‘Money Jungle’: the Amy Winehouse album that never happened

The perils contained within the music industry have a habit of taking those we love too soon. Thus, we have the 27 Club, an array of talented musicians who all passed away at the age of 27. In there is Jimi Hendrix, Kurt Cobain, Jim Morrison, and, of course, Amy Winehouse.

Earlier this year, the biopic Back to Black was released. This movie attempted to tell the story of Amy Winehouse but did the exact opposite. In a half-star review, Far Out noted, “For a film about the life of a person full of curiosity, humour and supreme talent, Sam Taylor-Johnson manages a depiction of Amy Winehouse that is shockingly apathetic….more akin to an episode of Horrible Histories than a nuanced take on one of Britain’s most iconic musicians of the 21st century, the film might just be one of the worst biopics of modern times.”

The movie failed to capture everything that made Amy Winehouse the unique personality that she was. She was more than a woman with a good voice; she was full of humour and charm and, on top of everything, an encyclopaedic knowledge of the music that shaped her. Mark Ronson was subject to this when he used her interests to write some of her most prolific music.

“I just thought, let’s talk about music, see what she likes,” said Ronson, reflecting on the first time he met Winehouse, “She said she liked to go out to bars and clubs and play snooker with her boyfriend and listen to The Shangri-Las. So, she played me some of those records, which turned into a crash course in girl group productions.” Using this newfound knowledge, Ronson penned the chord sequence for ‘Back to Black’. “She came back the next day and she was really into it,” he said, “Ended up staying for two weeks, and we fleshed out five or six songs.”

Another musician who got to experience Winehouse’s eclectic knowledge of music was neo-soul pioneer Questlove.
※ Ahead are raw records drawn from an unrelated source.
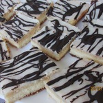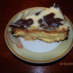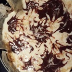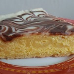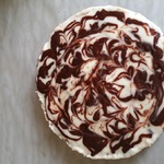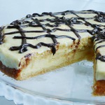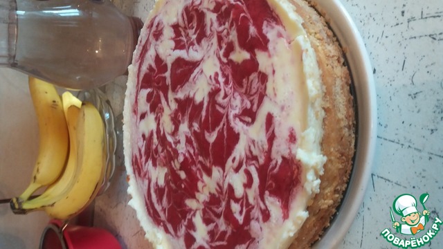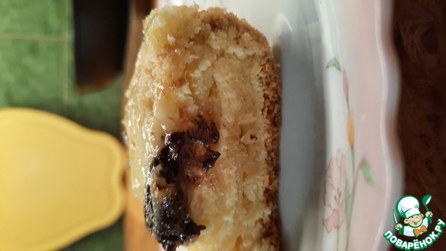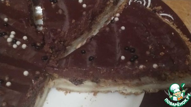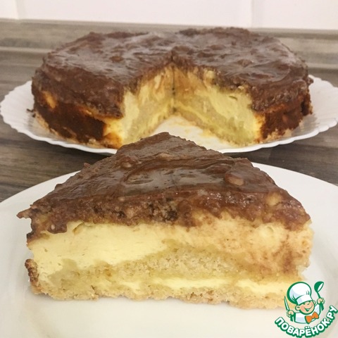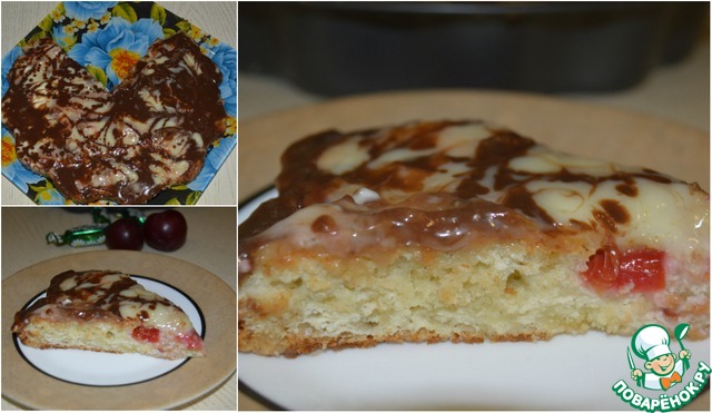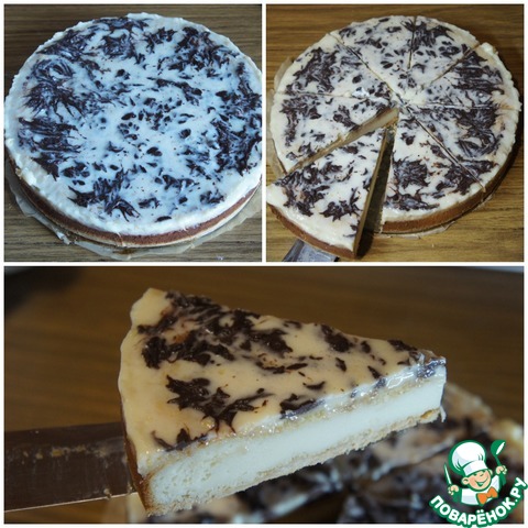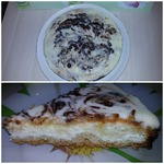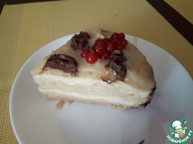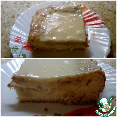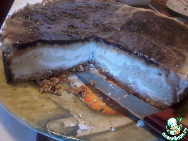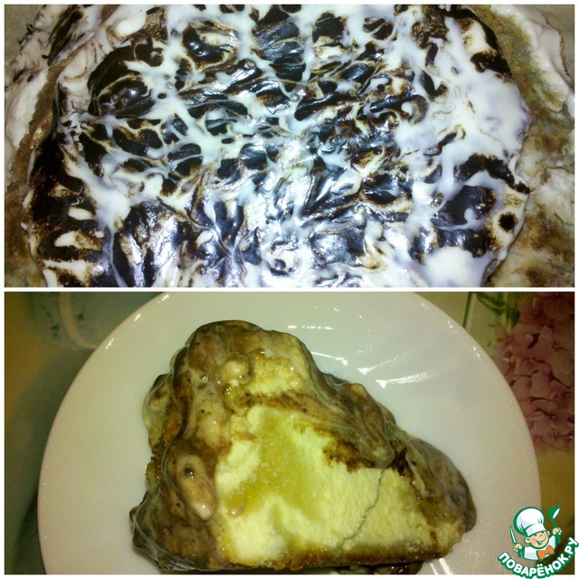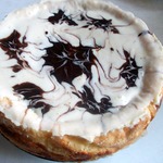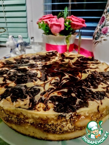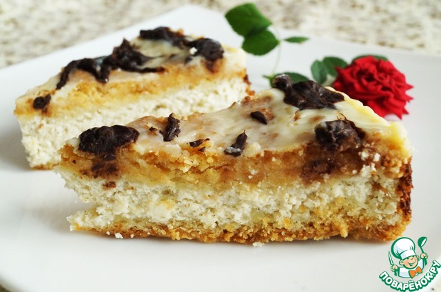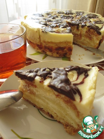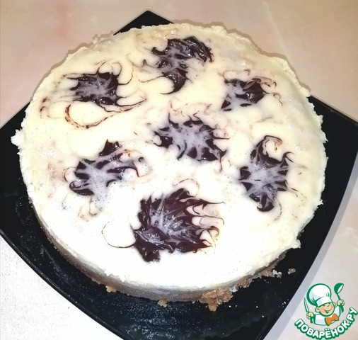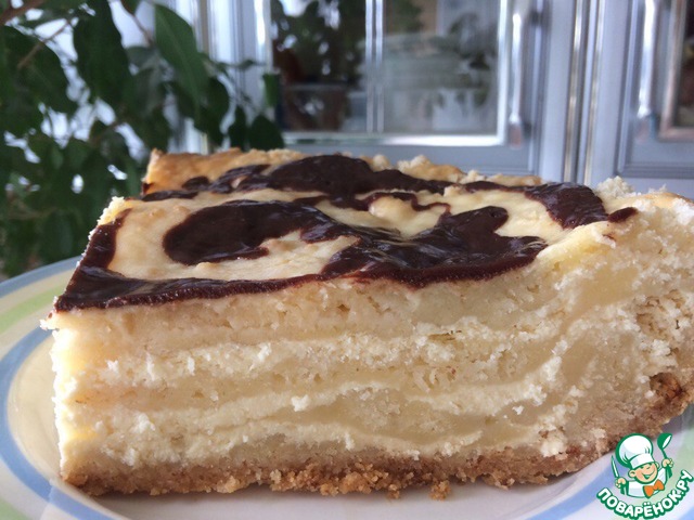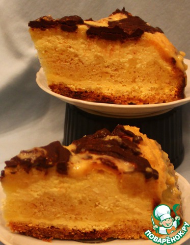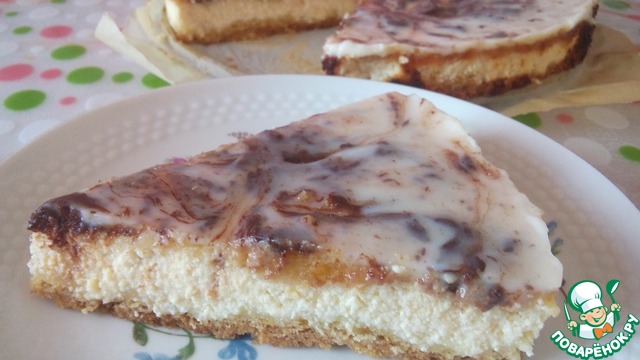 Готовую ватрушку, не вынимая из формы, горячей залить смесью сметаны со сгущенкой, сверху по кругу ложечкой выложить растопленный шоколад и зубочисткой сделать разводы.
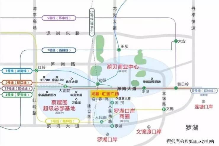 轨道密集:未来项目周边九条地铁线全覆盖,速效贯通深港都会圈(地铁线已有:1.2.3.5.7.9号线,规划中:8.11.17号线)
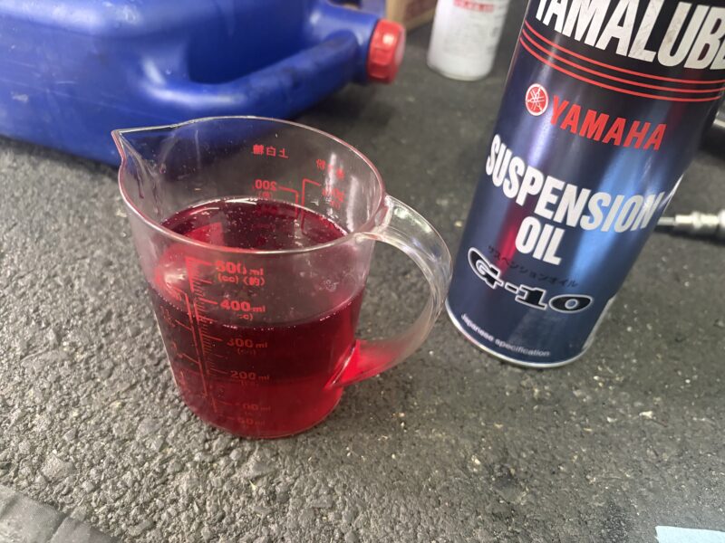 使用したフォークオイルは、ヤマハのG-10。各社の10番はほとんど同じ粘度なので、一番価格がお手頃なヤマハのものを、私は好んで使っています。

He and the Camden singer shared an interest in jazz and were always keen on working together. “She, Mos Def and me were going to redo the entire Duke Ellington, Charles Mingus, Max Roach album, [1963’s] Money Jungle, writing new lyrics to the original songs,” he said, “Jazz was a big part of my relationship with her. I don’t know if she wanted me to know her jazz IQ was higher than mine, but it became this ongoing thing, ‘Bet you don’t know about this record’.”

The two were constantly supposed to start working together on their album, but persistent problems kept getting in the way. “There was a point when she wasn’t allowed to enter the States [for failing to pass a drug test], so she went to the [Caribbean] Islands to do some songwriting,” he said, “She Facetime-d me: ‘Can you get down here?’ I said I can’t right now.”

When the two were finally in a position to start working together, disaster struck, as news that shocked the world equally shocked the Roots drummer. “She Facetime-d me one last time from London. I told her, coincidence, I’m on my way there. The Roots had something to do in Switzerland; the second stop was London in three days. When I landed that morning, that’s when I learned that she passed.”

When Amy Winehouse died, a great talent was taken from the world. A lot of exciting music from an innovative mind won’t get made. One album was an ambitious collaboration centred around one of her great loves: jazz. We are left wondering how the record might have come.